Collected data
○ ○ ○ ○

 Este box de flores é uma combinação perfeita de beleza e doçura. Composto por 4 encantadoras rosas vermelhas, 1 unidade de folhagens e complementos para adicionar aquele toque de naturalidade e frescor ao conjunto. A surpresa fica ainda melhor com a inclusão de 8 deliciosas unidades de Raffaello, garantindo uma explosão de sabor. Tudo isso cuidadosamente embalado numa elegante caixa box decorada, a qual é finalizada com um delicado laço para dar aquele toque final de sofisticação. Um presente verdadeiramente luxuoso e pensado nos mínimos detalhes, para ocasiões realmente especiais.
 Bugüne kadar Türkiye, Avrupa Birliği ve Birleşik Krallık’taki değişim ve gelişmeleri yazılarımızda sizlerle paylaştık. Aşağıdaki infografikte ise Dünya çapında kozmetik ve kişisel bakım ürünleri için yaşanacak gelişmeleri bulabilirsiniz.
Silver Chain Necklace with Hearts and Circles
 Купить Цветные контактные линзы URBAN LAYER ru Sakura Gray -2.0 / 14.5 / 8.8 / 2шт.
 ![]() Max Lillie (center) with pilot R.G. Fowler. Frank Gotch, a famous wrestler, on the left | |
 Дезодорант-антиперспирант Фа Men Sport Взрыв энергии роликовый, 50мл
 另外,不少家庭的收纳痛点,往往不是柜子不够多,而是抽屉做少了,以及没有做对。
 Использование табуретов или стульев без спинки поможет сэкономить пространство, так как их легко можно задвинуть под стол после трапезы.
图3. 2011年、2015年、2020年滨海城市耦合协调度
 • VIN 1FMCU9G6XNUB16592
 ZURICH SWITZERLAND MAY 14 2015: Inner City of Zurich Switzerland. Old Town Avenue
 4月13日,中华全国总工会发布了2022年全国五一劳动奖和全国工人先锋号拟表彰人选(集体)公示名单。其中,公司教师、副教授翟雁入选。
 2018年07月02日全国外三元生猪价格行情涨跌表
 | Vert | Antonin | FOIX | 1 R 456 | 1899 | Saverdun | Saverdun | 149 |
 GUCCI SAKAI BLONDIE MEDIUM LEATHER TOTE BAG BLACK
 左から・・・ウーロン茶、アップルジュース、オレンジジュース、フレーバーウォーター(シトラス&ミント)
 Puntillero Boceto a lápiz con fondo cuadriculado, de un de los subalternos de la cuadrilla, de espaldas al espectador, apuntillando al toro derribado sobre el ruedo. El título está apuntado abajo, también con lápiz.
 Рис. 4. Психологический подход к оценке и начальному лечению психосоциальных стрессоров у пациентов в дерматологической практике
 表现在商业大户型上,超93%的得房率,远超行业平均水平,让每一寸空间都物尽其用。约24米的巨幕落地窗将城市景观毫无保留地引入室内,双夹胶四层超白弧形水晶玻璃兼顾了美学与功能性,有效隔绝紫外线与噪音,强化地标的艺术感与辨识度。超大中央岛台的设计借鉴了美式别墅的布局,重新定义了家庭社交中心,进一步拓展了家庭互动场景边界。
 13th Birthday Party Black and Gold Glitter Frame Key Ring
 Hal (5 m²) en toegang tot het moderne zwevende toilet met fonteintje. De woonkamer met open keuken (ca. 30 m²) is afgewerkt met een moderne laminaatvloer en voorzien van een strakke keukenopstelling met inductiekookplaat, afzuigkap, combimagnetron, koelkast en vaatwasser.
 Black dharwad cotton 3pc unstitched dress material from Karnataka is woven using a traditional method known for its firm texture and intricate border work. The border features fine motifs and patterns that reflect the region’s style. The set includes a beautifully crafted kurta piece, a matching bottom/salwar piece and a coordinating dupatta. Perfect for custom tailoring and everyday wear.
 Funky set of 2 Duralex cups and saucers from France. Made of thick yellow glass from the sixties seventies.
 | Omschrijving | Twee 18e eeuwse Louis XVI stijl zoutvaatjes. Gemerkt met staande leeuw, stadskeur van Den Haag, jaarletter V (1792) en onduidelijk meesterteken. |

○ ○ ○ ○

* **Your assignment**:
The full set of records above is to be printed again verbatim.

* **Written answer**:
 Este box de flores é uma combinação perfeita de beleza e doçura. Composto por 4 encantadoras rosas vermelhas, 1 unidade de folhagens e complementos para adicionar aquele toque de naturalidade e frescor ao conjunto. A surpresa fica ainda melhor com a inclusão de 8 deliciosas unidades de Raffaello, garantindo uma explosão de sabor. Tudo isso cuidadosamente embalado numa elegante caixa box decorada, a qual é finalizada com um delicado laço para dar aquele toque final de sofisticação. Um presente verdadeiramente luxuoso e pensado nos mínimos detalhes, para ocasiões realmente especiais.
 Bugüne kadar Türkiye, Avrupa Birliği ve Birleşik Krallık’taki değişim ve gelişmeleri yazılarımızda sizlerle paylaştık. Aşağıdaki infografikte ise Dünya çapında kozmetik ve kişisel bakım ürünleri için yaşanacak gelişmeleri bulabilirsiniz.
Silver Chain Necklace with Hearts and Circles
 Купить Цветные контактные линзы URBAN LAYER ru Sakura Gray -2.0 / 14.5 / 8.8 / 2шт.
 ![]() Max Lillie (center) with pilot R.G. Fowler. Frank Gotch, a famous wrestler, on the left | |
 Дезодорант-антиперспирант Фа Men Sport Взрыв энергии роликовый, 50мл
 另外,不少家庭的收纳痛点,往往不是柜子不够多,而是抽屉做少了,以及没有做对。
 Использование табуретов или стульев без спинки поможет сэкономить пространство, так как их легко можно задвинуть под стол после трапезы.
图3. 2011年、2015年、2020年滨海城市耦合协调度
 • VIN 1FMCU9G6XNUB16592
 ZURICH SWITZERLAND MAY 14 2015: Inner City of Zurich Switzerland. Old Town Avenue
 4月13日,中华全国总工会发布了2022年全国五一劳动奖和全国工人先锋号拟表彰人选(集体)公示名单。其中,公司教师、副教授翟雁入选。
 2018年07月02日全国外三元生猪价格行情涨跌表
 | Vert | Antonin | FOIX | 1 R 456 | 1899 | Saverdun | Saverdun | 149 |
 GUCCI SAKAI BLONDIE MEDIUM LEATHER TOTE BAG BLACK
 左から・・・ウーロン茶、アップルジュース、オレンジジュース、フレーバーウォーター(シトラス&ミント)
 Puntillero Boceto a lápiz con fondo cuadriculado, de un de los subalternos de la cuadrilla, de espaldas al espectador, apuntillando al toro derribado sobre el ruedo. El título está apuntado abajo, también con lápiz.
 Рис. 4. Психологический подход к оценке и начальному лечению психосоциальных стрессоров у пациентов в дерматологической практике
 表现在商业大户型上,超93%的得房率,远超行业平均水平,让每一寸空间都物尽其用。约24米的巨幕落地窗将城市景观毫无保留地引入室内,双夹胶四层超白弧形水晶玻璃兼顾了美学与功能性,有效隔绝紫外线与噪音,强化地标的艺术感与辨识度。超大中央岛台的设计借鉴了美式别墅的布局,重新定义了家庭社交中心,进一步拓展了家庭互动场景边界。
 13th Birthday Party Black and Gold Glitter Frame Key Ring
 Hal (5 m²) en toegang tot het moderne zwevende toilet met fonteintje. De woonkamer met open keuken (ca. 30 m²) is afgewerkt met een moderne laminaatvloer en voorzien van een strakke keukenopstelling met inductiekookplaat, afzuigkap, combimagnetron, koelkast en vaatwasser.
 Black dharwad cotton 3pc unstitched dress material from Karnataka is woven using a traditional method known for its firm texture and intricate border work. The border features fine motifs and patterns that reflect the region’s style. The set includes a beautifully crafted kurta piece, a matching bottom/salwar piece and a coordinating dupatta. Perfect for custom tailoring and everyday wear.
 Funky set of 2 Duralex cups and saucers from France. Made of thick yellow glass from the sixties seventies.
 | Omschrijving | Twee 18e eeuwse Louis XVI stijl zoutvaatjes. Gemerkt met staande leeuw, stadskeur van Den Haag, jaarletter V (1792) en onduidelijk meesterteken. |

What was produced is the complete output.